EXERCISE BRIEF:
Copy the records that follow exactly as written, but not their pictures.

[DATA TO EXAMINE — start]

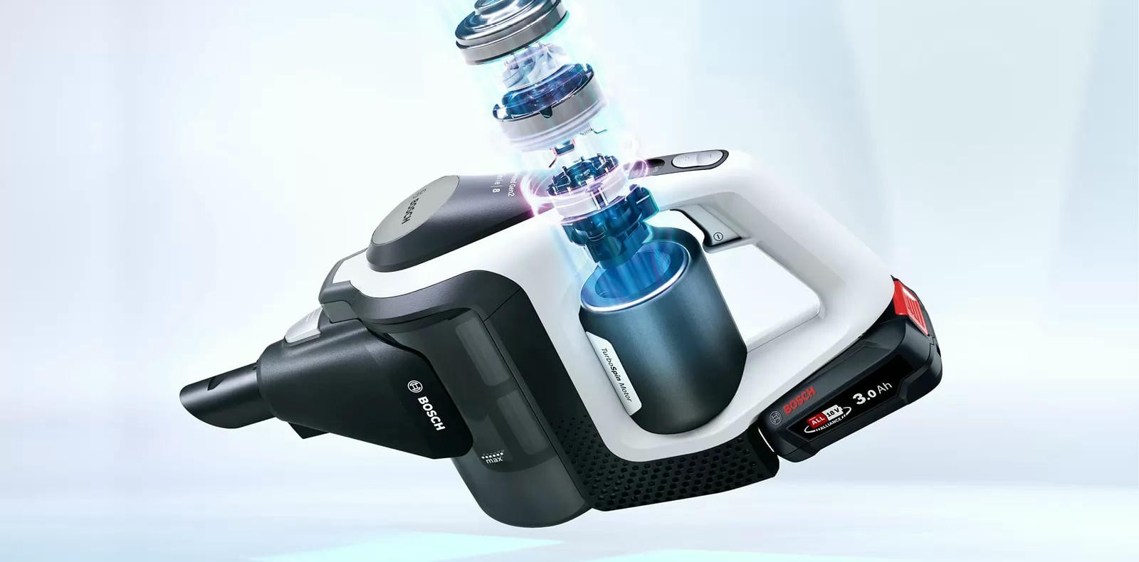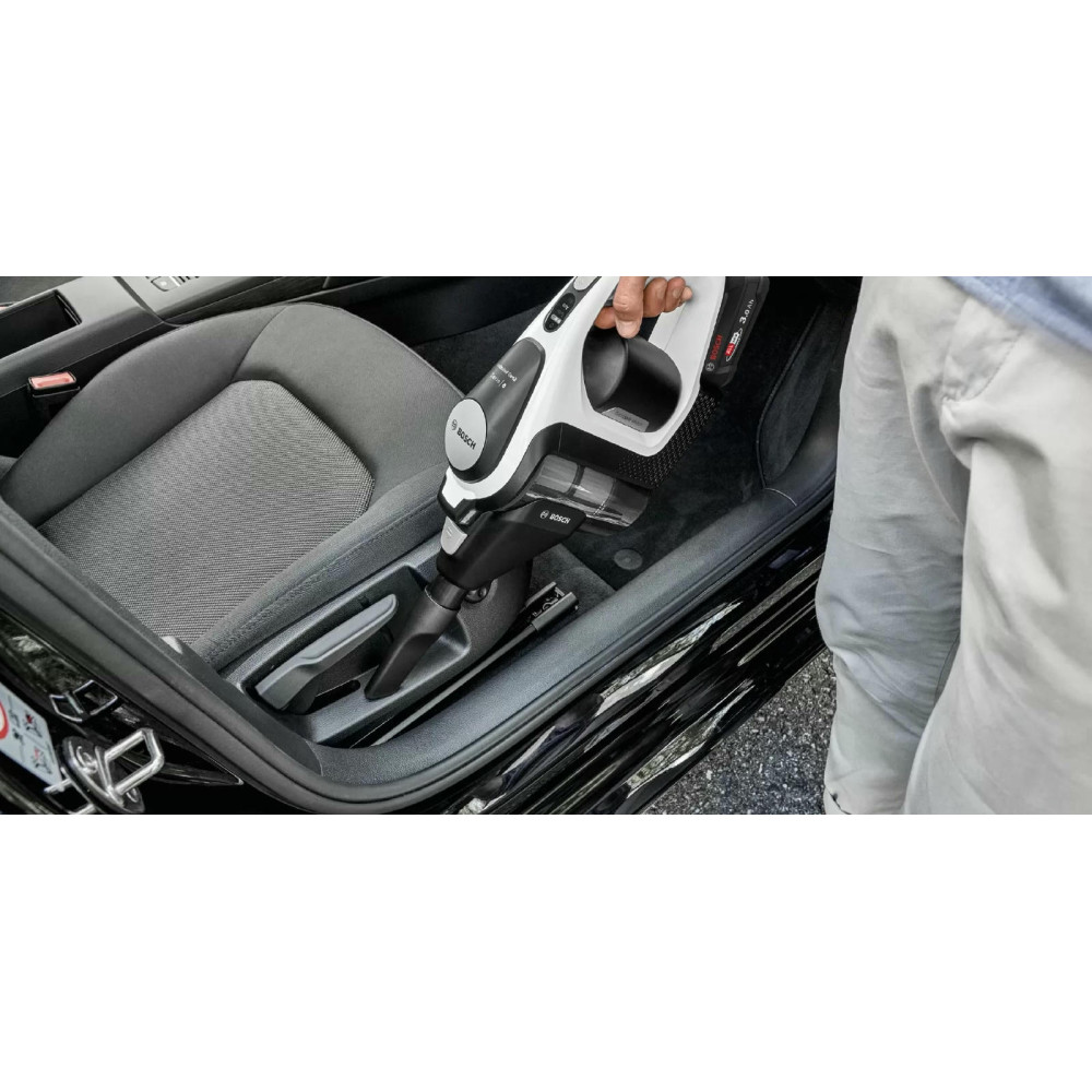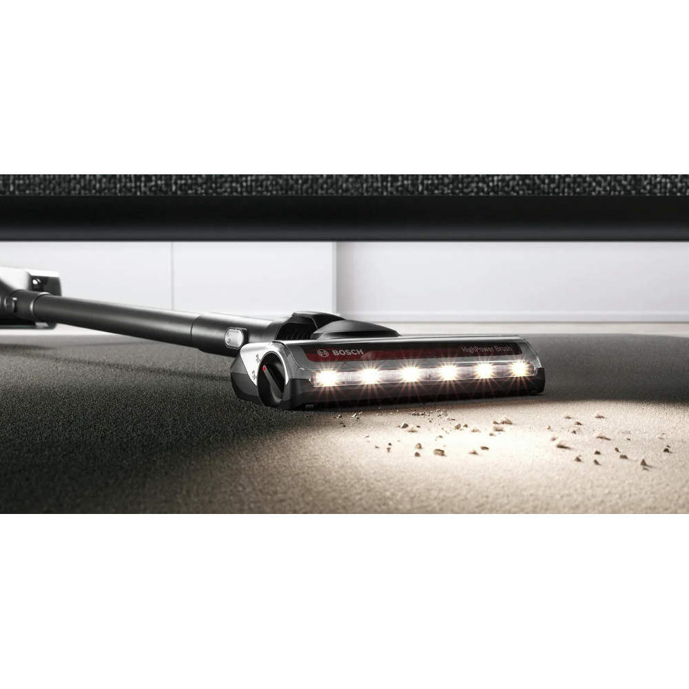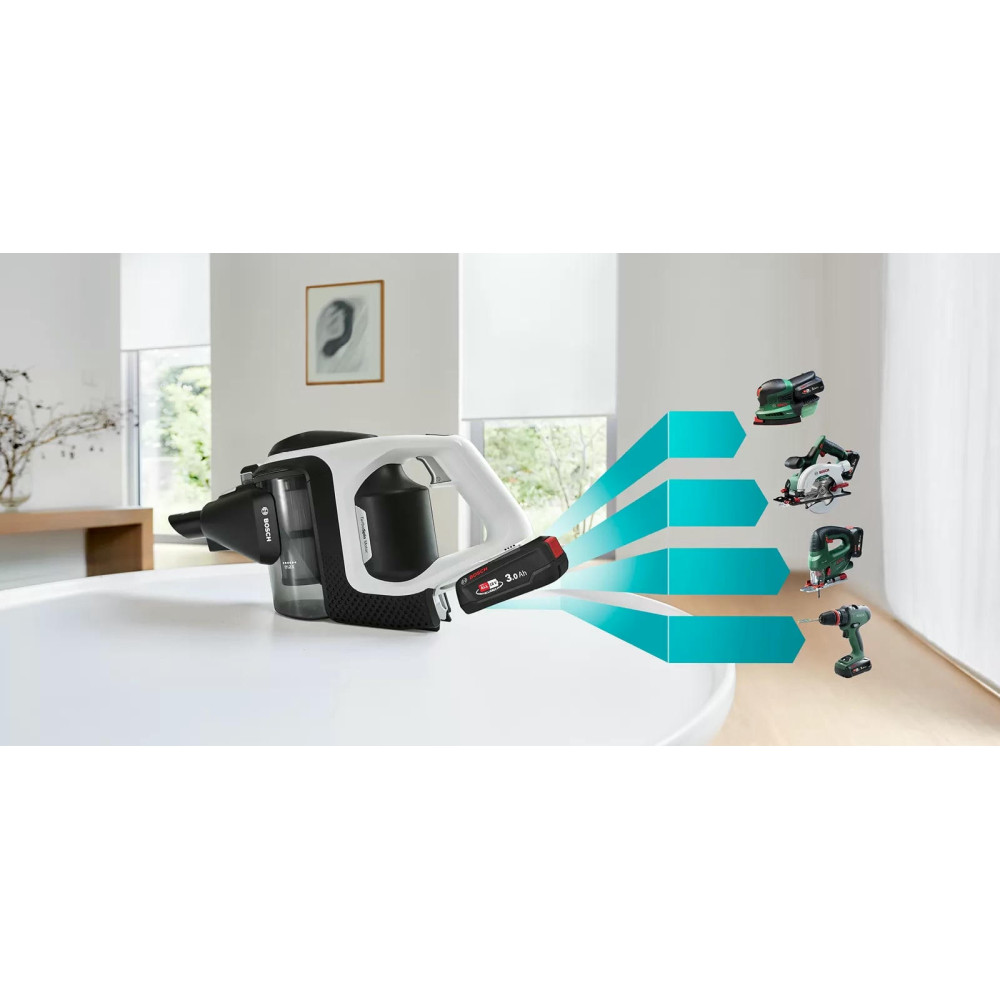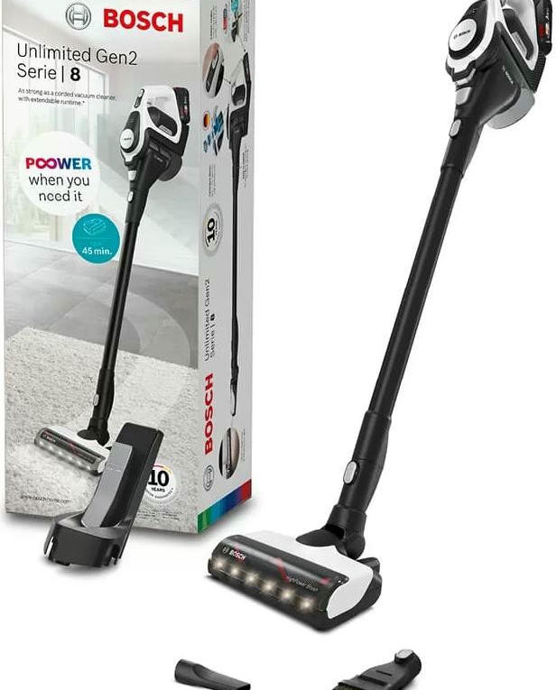 Пылесос Bosch BBS8213W работает без проводов на основе аккумулятора, при этом характеризуется высокой производительностью с поглощением до 99.9% пыли. Турбощетка AllFloor HighPower со светодиодной подсветкой обеспечивает тщательную уборку на различных покрытиях. Сбор пыли осуществляется в контейнер емкостью 0.4 л. На рукоятке расположены кнопки регулировки уровня мощности. Аккумулятор гарантирует в пределах 45 минут автономной работы и отличается быстрым процессом восстановления заряда.
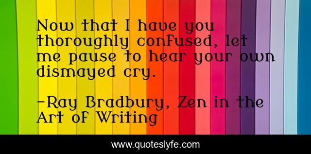 This page presents the quote "Now that I have you thoroughly confused, let me pause to hear your own dismayed cry.". Author of this quote is Ray Bradbury, Zen in the Art of Writing. .
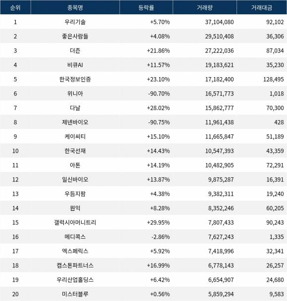거래량 3위인 더즌(462860)는 현재가 3,345원, 등락률은 폭등한 +21.86%이며, 거래량은 27,222,036주다. 4위 비큐AI(148780)는 현재가 1,851원, 등락률은 급등한 +11.57%이며, 거래량은 19,183,621주다. 5위인 한국정보인증(053300)는 현재가 7,620원, 등락률은 폭등한 +23.10%, 거래량은 17,182,400주다. 6위인 위니아(071460)는 현재가 57원, 등락률은 폭락한 -90.70%, 거래량은 16,571,773주를 기록하고 있다. 7위 다날(064260)는 현재가 4,500원, 등락률은 상한가를 기록하며 +28.02%, 거래량은 15,862,777주다. 8위인 제넨바이오(072520)는 현재가 36원, 등락률은 폭락한 -90.75%, 거래량은 11,961,438주다. 9위 케이씨티(089150)는 현재가 4,420원, 등락률은 급등한 +15.10%, 거래량은 11,665,847주다. 마지막으로 10위 한국선재(025550)는 현재가 4,045원, 등락률은 급등한 +14.43%, 거래량은 10,547,393주다.
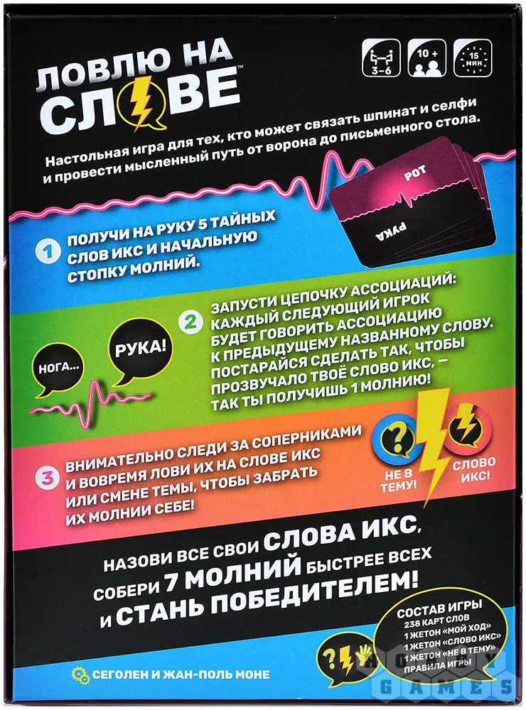 "Ловлю на слове" – это настольная игра, в которой вам нужно будет выстраивать цепочки ассоциаций, при этом внедряя в них свои "икс-слова" так, чтобы никто не заподозрил подвоха. Сможете, и получите молнию, а это крайне полезно, ведь итоговая цель – собрать 7 молний! Внимательно наблюдайте за соперниками и не стесняйтесь подлавливать их на слишком очевидной смене темы и попытке внедрить своё слово икс – так вы сможете украсть их молнии и ещё быстрее приблизиться к победе!
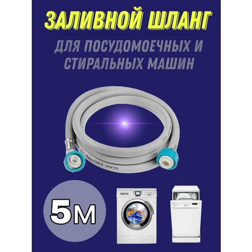 Шланг заливной 5 м для подключения стиральной и посудомоечной машины
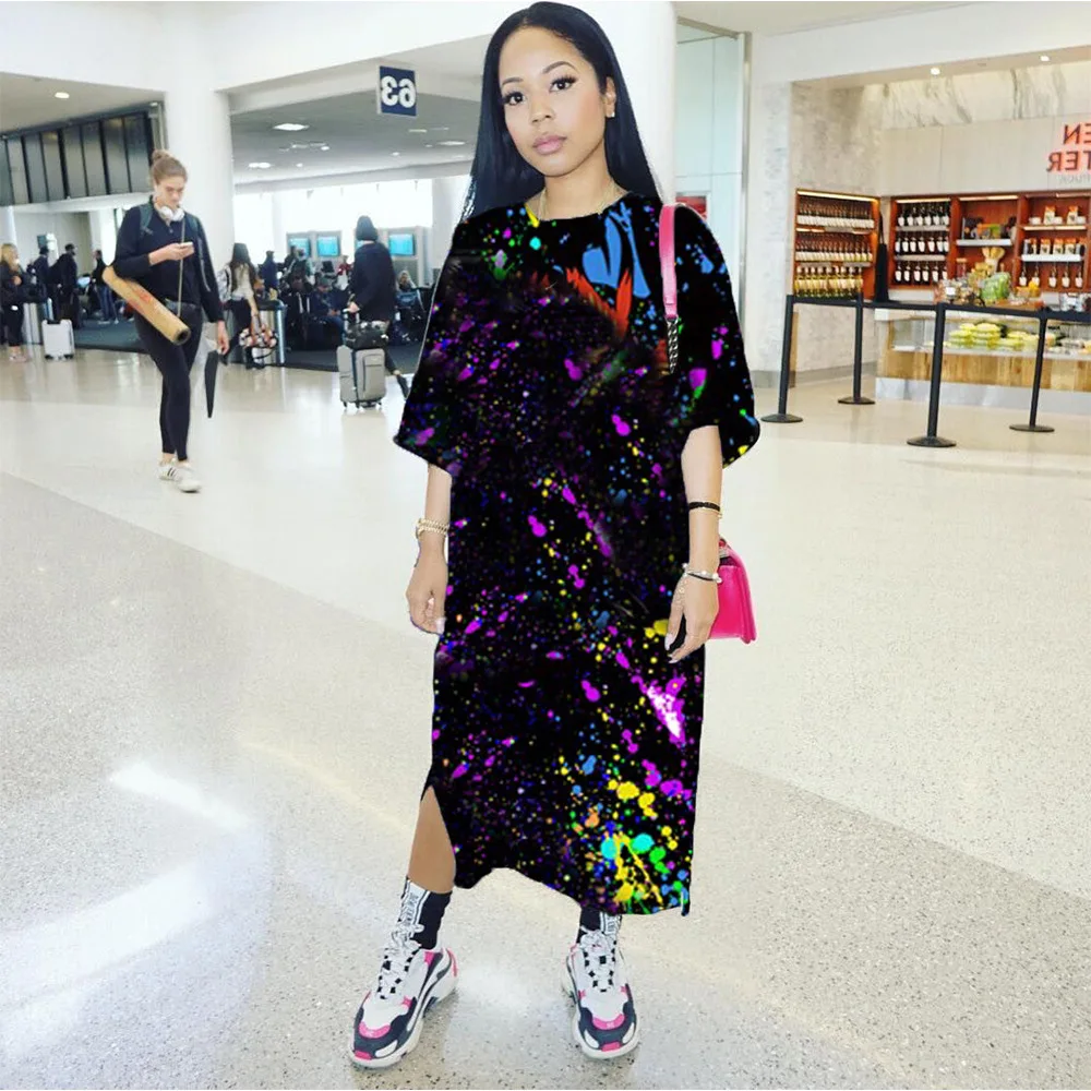 Женское повседневное Модное Длинное Платье с принтом звездного неба и короткими рукавами
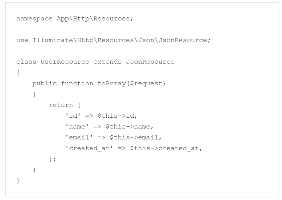 | API Resource Classes | It simplifies the transformation of models to JSON responses | Offers clean and consistent responses |
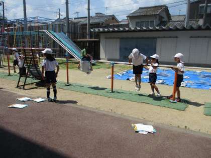 いろいろな技を練習しました。「上がり技」「回転技」「下り技」の中から、自分が練習する技を決めて練習をしました。暑い時期になりますが、休み時間やお休みの日にも、少しずつ練習してできる技が増えるといいですね。
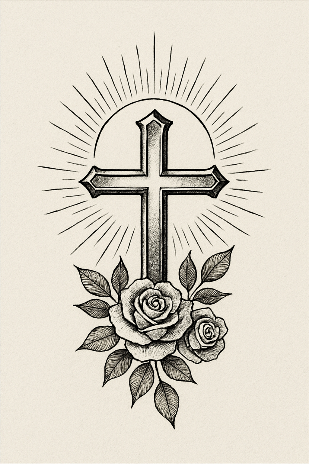 Stylized Cross with Roses and Radiating Light

[DATA TO EXAMINE — finish]

FINISHED TASK:
 Пылесос Bosch BBS8213W работает без проводов на основе аккумулятора, при этом характеризуется высокой производительностью с поглощением до 99.9% пыли. Турбощетка AllFloor HighPower со светодиодной подсветкой обеспечивает тщательную уборку на различных покрытиях. Сбор пыли осуществляется в контейнер емкостью 0.4 л. На рукоятке расположены кнопки регулировки уровня мощности. Аккумулятор гарантирует в пределах 45 минут автономной работы и отличается быстрым процессом восстановления заряда.
 This page presents the quote "Now that I have you thoroughly confused, let me pause to hear your own dismayed cry.". Author of this quote is Ray Bradbury, Zen in the Art of Writing. .
거래량 3위인 더즌(462860)는 현재가 3,345원, 등락률은 폭등한 +21.86%이며, 거래량은 27,222,036주다. 4위 비큐AI(148780)는 현재가 1,851원, 등락률은 급등한 +11.57%이며, 거래량은 19,183,621주다. 5위인 한국정보인증(053300)는 현재가 7,620원, 등락률은 폭등한 +23.10%, 거래량은 17,182,400주다. 6위인 위니아(071460)는 현재가 57원, 등락률은 폭락한 -90.70%, 거래량은 16,571,773주를 기록하고 있다. 7위 다날(064260)는 현재가 4,500원, 등락률은 상한가를 기록하며 +28.02%, 거래량은 15,862,777주다. 8위인 제넨바이오(072520)는 현재가 36원, 등락률은 폭락한 -90.75%, 거래량은 11,961,438주다. 9위 케이씨티(089150)는 현재가 4,420원, 등락률은 급등한 +15.10%, 거래량은 11,665,847주다. 마지막으로 10위 한국선재(025550)는 현재가 4,045원, 등락률은 급등한 +14.43%, 거래량은 10,547,393주다.
 "Ловлю на слове" – это настольная игра, в которой вам нужно будет выстраивать цепочки ассоциаций, при этом внедряя в них свои "икс-слова" так, чтобы никто не заподозрил подвоха. Сможете, и получите молнию, а это крайне полезно, ведь итоговая цель – собрать 7 молний! Внимательно наблюдайте за соперниками и не стесняйтесь подлавливать их на слишком очевидной смене темы и попытке внедрить своё слово икс – так вы сможете украсть их молнии и ещё быстрее приблизиться к победе!
 Шланг заливной 5 м для подключения стиральной и посудомоечной машины
 Женское повседневное Модное Длинное Платье с принтом звездного неба и короткими рукавами
 | API Resource Classes | It simplifies the transformation of models to JSON responses | Offers clean and consistent responses |
 いろいろな技を練習しました。「上がり技」「回転技」「下り技」の中から、自分が練習する技を決めて練習をしました。暑い時期になりますが、休み時間やお休みの日にも、少しずつ練習してできる技が増えるといいですね。
 Stylized Cross with Roses and Radiating Light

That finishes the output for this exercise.